Avec cette mobilisation prévue jeudi après-midi devant le Sénat, les syndicats veulent que la direction ouvre des négociations sur les conditions de travail au sein du groupe. Le lieu n'est pas choisi au hasard : au Sénat ont lieu des discussions sur l'avenir du groupe, à l'initiative d'élus communistes, qui craignent une "nouvelle affaire France Télécom".

“Même en courant on ne termine jamais à l'heure”

Le groupe a diversifié ses activités depuis plusieurs années, et confie ces tâches aux facteurs. “Par exemple, on doit aller voir les personnes âgées. Sur le principe c’est bien, mais on n’a pas le temps. Souvent je me rends au domicile, je demande à la personne si elle va bien, je lui fais signer un papier et c’est tout. D’autant qu’on doit cocher une case si la personne se porte bien. Sauf qu’on n'est pas des médecins”, explique David. “Il y a même des facteurs qui promènent le chien”, ajoute le facteur. Des tâches qui sont prévues sur la tournée de distribution du courrier.

“Même en courant, on ne termine jamais à l’heure. C’est impossible. Donc on est obligés de renier des tâches que l’on faisait pour terminer à l’heure”. D’autant que si les facteurs dépassent le temps de leur tournée, les heures supplémentaires ne sont pas payées. “Il m’arrive de terminer à 16 heures au lieu de 13h30. Pour essayer de terminer à l’heure, j’ai rogné sur ma pause de 20 minutes, j’ai aussi commencé à venir plus tôt, à 6h au lieu de 6h30, mais ce n’est plus tenable”, poursuit David.

“Mon entourage et mon médecin m'ont sauvé”

“Souvent, il y a des tournées qui ne sont pas terminées par manque de temps. Les facteurs ramènent le courrier au centre ou alors dépassent leurs horaires. Tout ça par manque de personnel. Par exemple, dans mon équipe de quatre, un départ à la retraite n’a pas été remplacé, un congé maternité non plus. Donc nous sommes deux pour abattre le travail de quatre personnes. Ce n’est pas tenable”, ajoute Gwendoline*, qui travaille à Dieppe (Seine-Maritime) depuis 2002. Des conditions de travail qui pèsent sur sa santé. “L’an dernier j’ai fait un burn-out. Je ressentais des douleurs dans la poitrine, une boule au ventre à cause du stress. J’ai été arrêté 5 mois, j’ai consulté un médecin et un psychologue. Sans eux et mon entourage, j’aurais fait une bêtise. Ils m’ont sauvé”, ajoute David, ému.

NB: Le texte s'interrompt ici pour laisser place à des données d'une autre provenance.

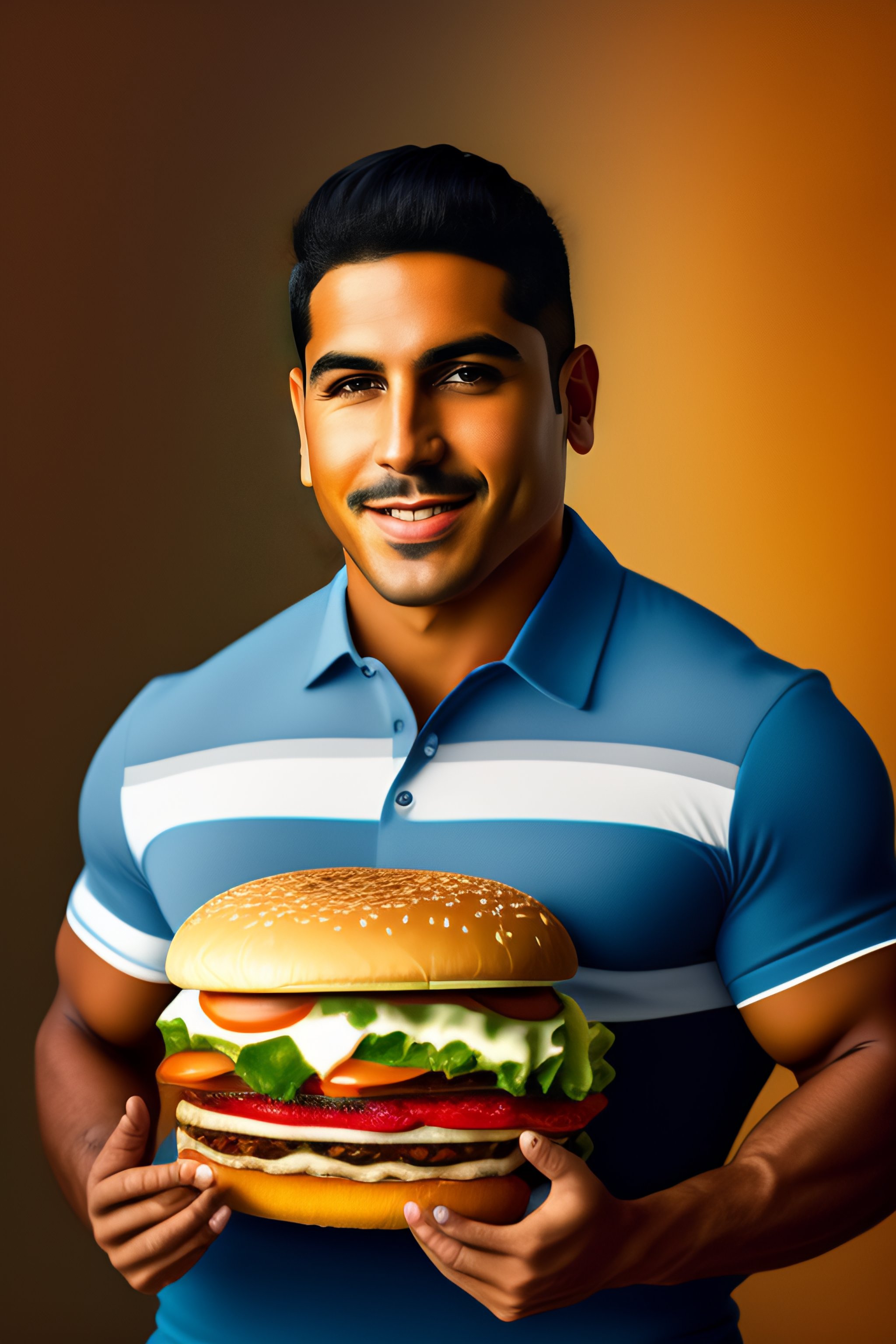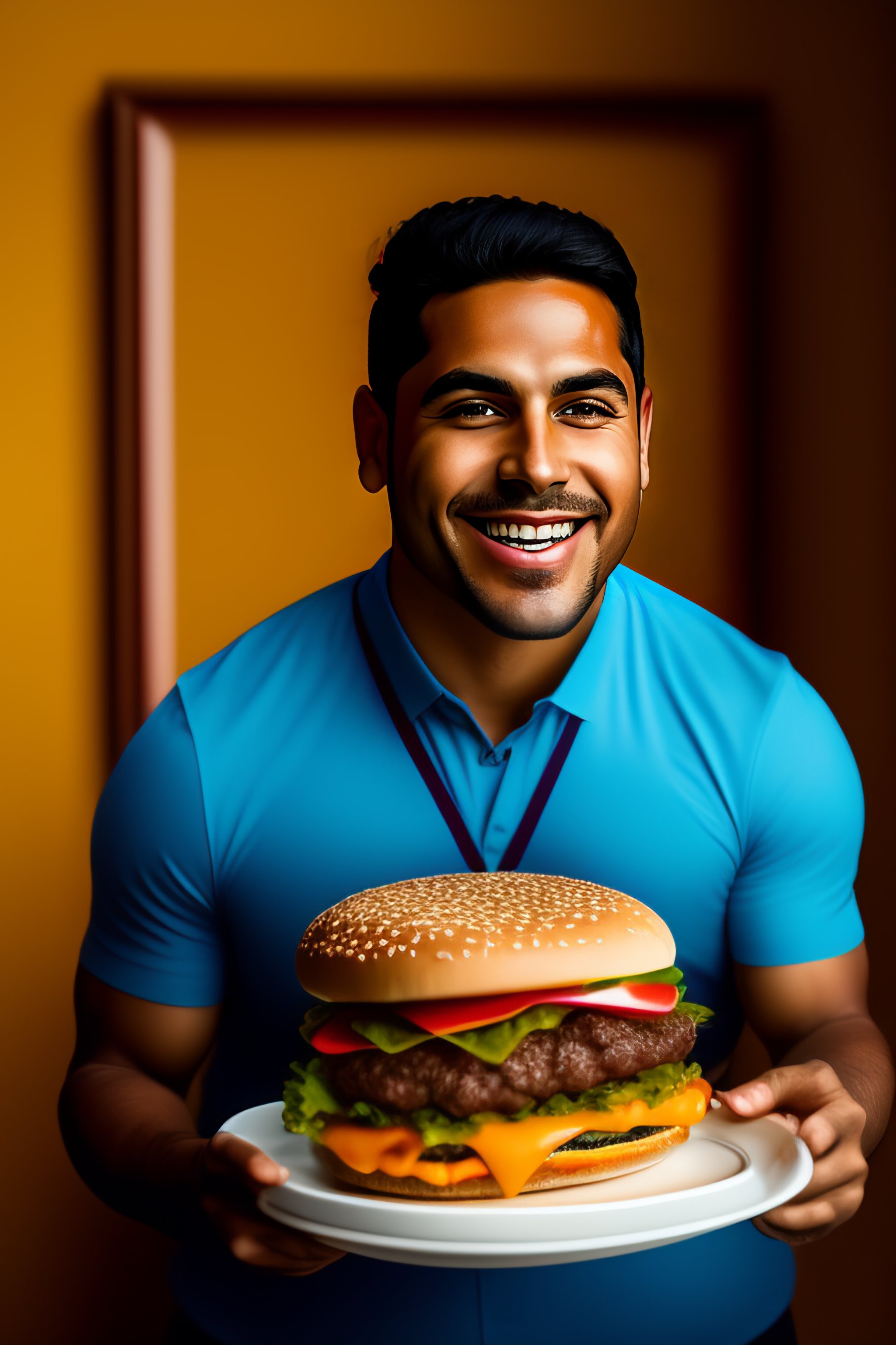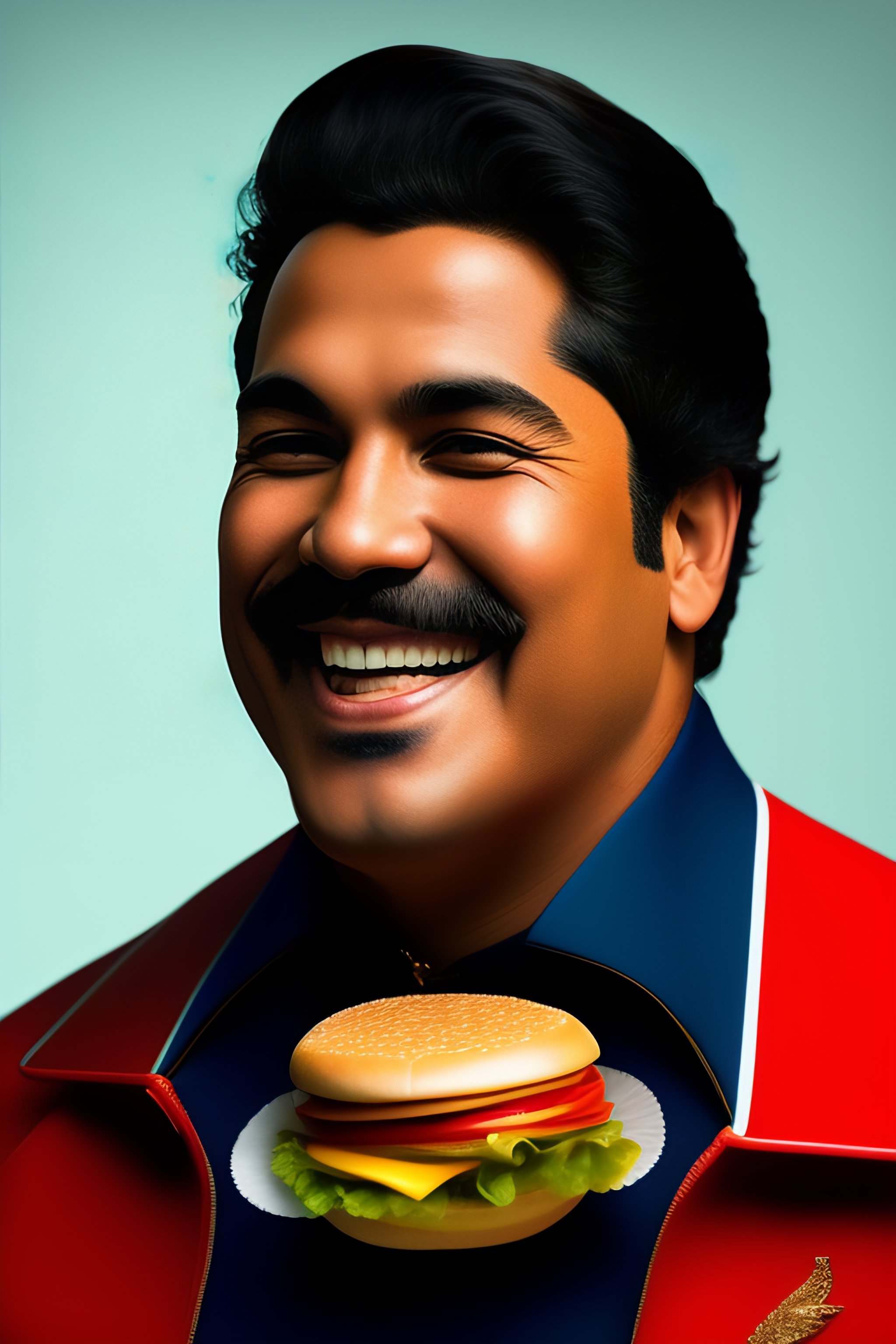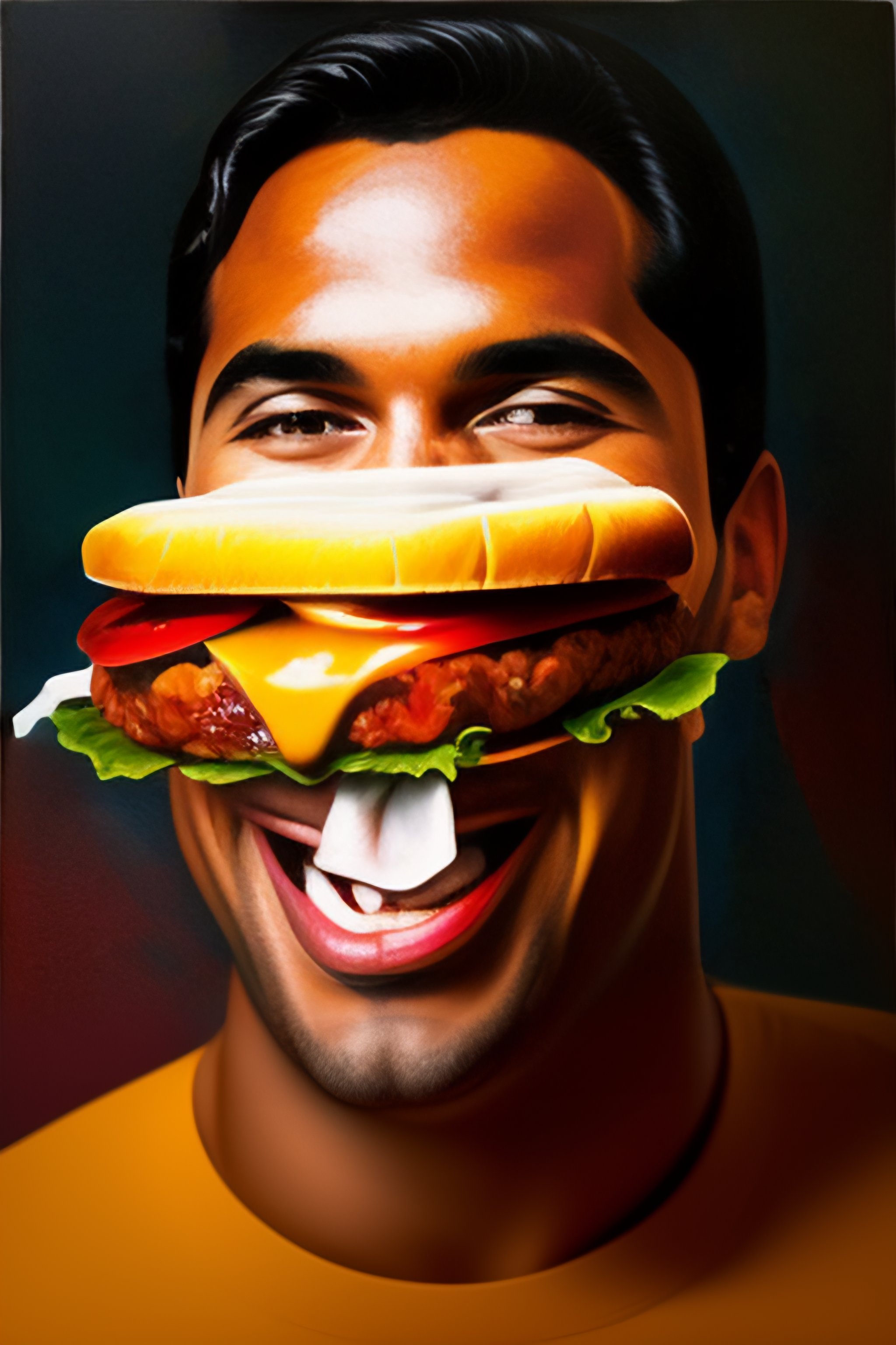 Generate the portrait of julian molina romero eating a cheeseburger
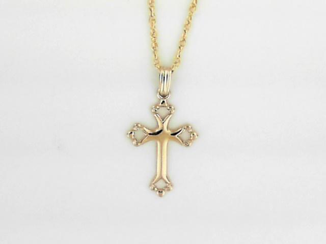 Crafted with 14K gold-filled metal, this classic cross pendant hangs elegantly on an 18-inch chain, adding a touch of refined style to any outfit.
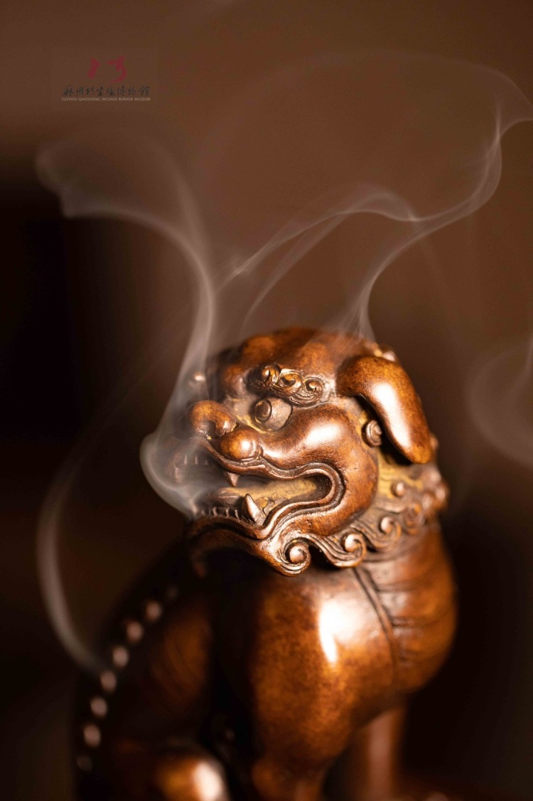 陈巧生制 c396座狮熏炉 铜炉香炉摆件
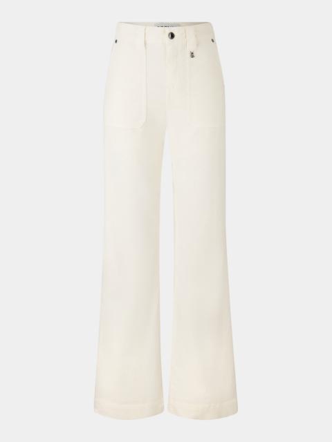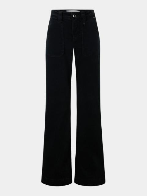 In a flared look, the Devin velvet trousers are a modern all-rounder. Embossed rivets on the pockets and the classic waistband with a button and zip fastener and label patch on the back characterize the design - accentuated by topstitched details. Style number 254-1621-1065-026 Details - Velvet trousers in a regular fit - Straight leg with flare - Reinforced hems - Closed with logo button and concealed zipper - Attached waistband with belt loops for belts up to 5 cm - Side slit pockets Two patch back pockets - Embossed rivets, label signe pendant and label patch on the waistband - Foot width: 50 cm Material & care Material Shell 1 1. Layer: 98% Cotton, 2% Elastane Material description Stretch cotton in velvet look Material hints Contains non-textile parts of animal origin Care mild fine wash do not bleach mild drying process handwarm ironing do not dry-clean no wet-cleaning Use mild detergent. Do not use fabric softener
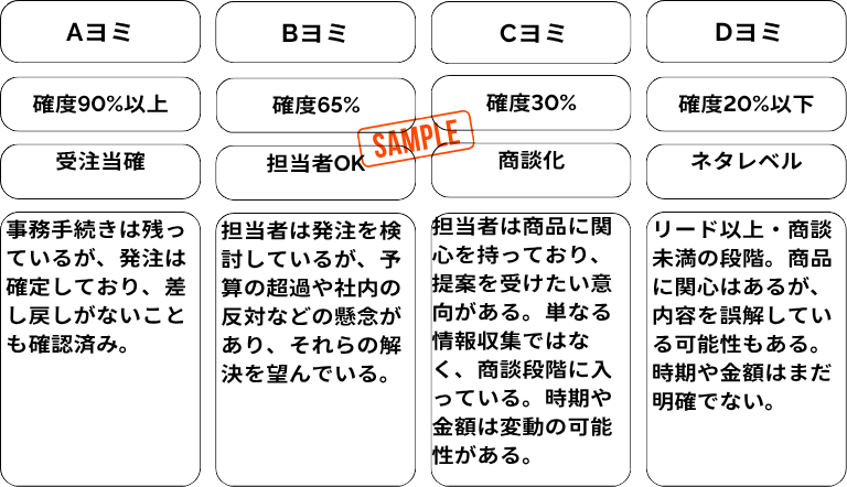 見込み数字や商談のネック、活動の質・量を多角的に分析することで、思考の客観性を高め、合理的な行動を促していきます。(「ヨミ」とは、契約確度・金額・時期・次の展開などを“読む”ことを意味します。)
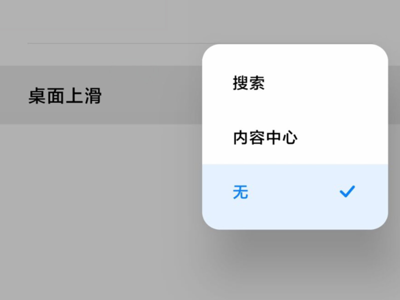 3、进入“桌面上滑”选项,勾选为“无”即可。
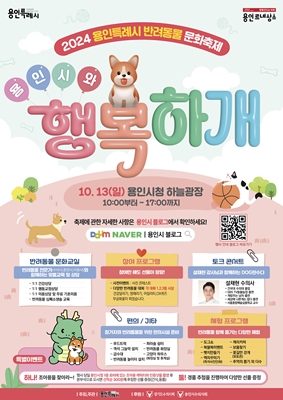 ÀÚ¼¼ÇÑ ³»¿ëÀº ¡®2024 ¿ëÀÎ½Ã¿Í ÇູÇϰ³¡¯ ºí·Î±×(https://blog.naver.com/yonginpet) ¿¡¼ È®ÀÎÇÒ ¼ö ÀÖ°í, »çÀü À̺¥Æ®ÀÎ ¡®¹Ý·Áµ¿¹° ÀÌ»ö »çÁø ÄÜÅ×½ºÆ®¡¯ Á¢¼öµµ ÇØ´ç ºí·Î±×¿¡¼ ÇÒ ¼ö ÀÖ´Ù.
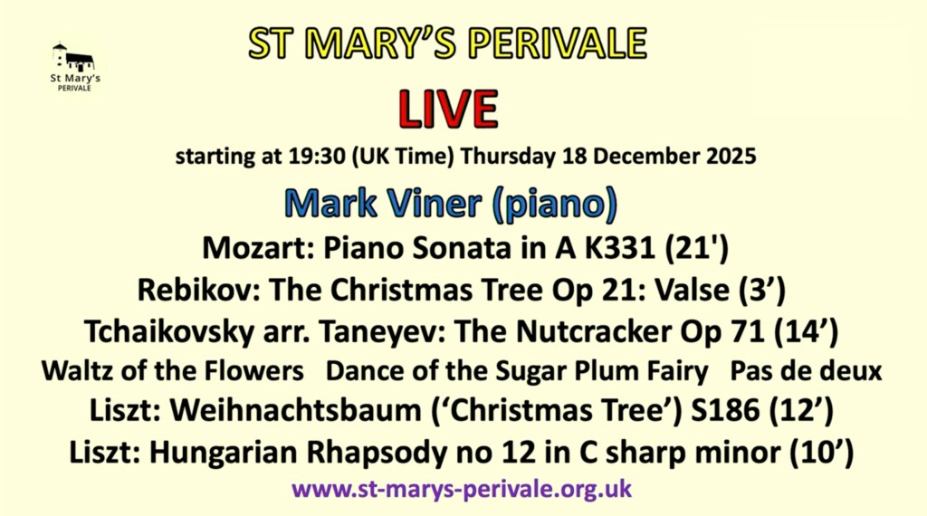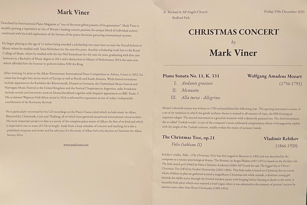 Mark’s annual Christmas concert arriving in London with the final two performance at St Mary’s Perivale for his dear friend and admirer Dr Mather and in the church of St Michael and All Angels, opposite his home in Bedford Park, where he also is an active member of the congregation.
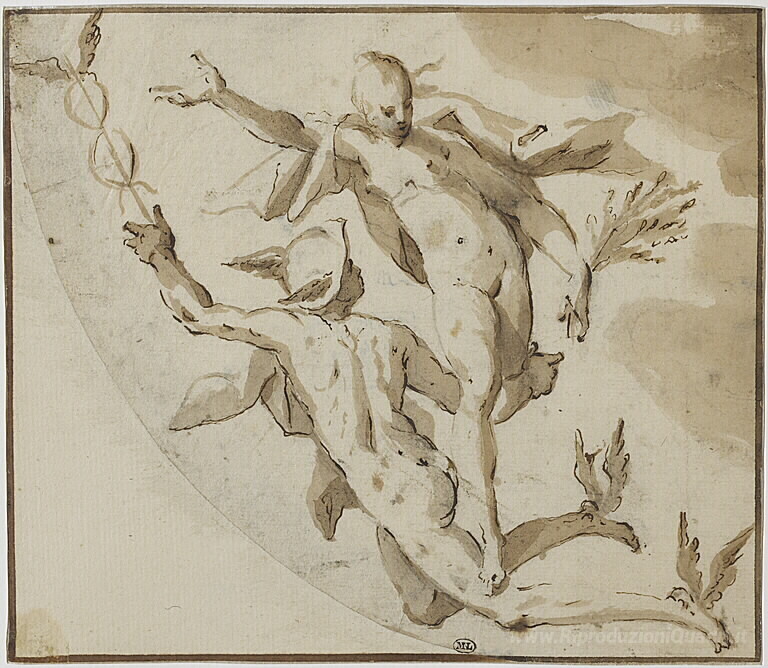 Ti offriamo una riproduzione artigianale su tela dell'opera famosa 'Mercurio e Cerere volare attraverso l'aria' di Hans von Aachen, dal Museo delle Riproduzioni.

Depuis, il est retourné travailler, mais toujours dans des conditions difficiles. “Il y a quelques semaines, j’ai ramené du courrier car ce n’était pas possible de terminer la tournée dans les temps. A cause de cela, j’ai eu un blâme. A La Poste, il n’y a aucune humanité”. Une collègue de David s’est donné la mort, il y a quelques années, en sautant d’une fenêtre du cinquième étage, après un entretien avec son chef d’équipe. Selon un décompte de RTL, depuis trois ans, au moins neuf facteurs se sont donné la mort, sans compter les tentatives heureusement avortées.

Un parallèle avec France Télécom

“On est le nouveau France Télécom” ose même David, en référence à la vague de suicides qui a touché l’opérateur entre 2008 et 2009. Une vingtaine de salariés s’était donné la mort, certains évoquant “un management de la terreur”. Dans une interview au quotidien Le Monde, la DRH du groupe La Poste, Sylvie François, se défend : “Nous sommes une entreprise humaine et responsable. Il n’y a pas de mobilité forcée, pas de formation de manageurs de façon inhumaine”, défend-elle.

Des experts indépendants ont demandé à la direction de réagir face à la “dégradation rapide des conditions de travail”. Le groupe La Poste a suspendu les projets de réorganisation des métiers du courrier jusqu’à la mi-décembre, soit la date de fin envisagée des négociations sur les conditions de travail des facteurs et de leurs encadrants.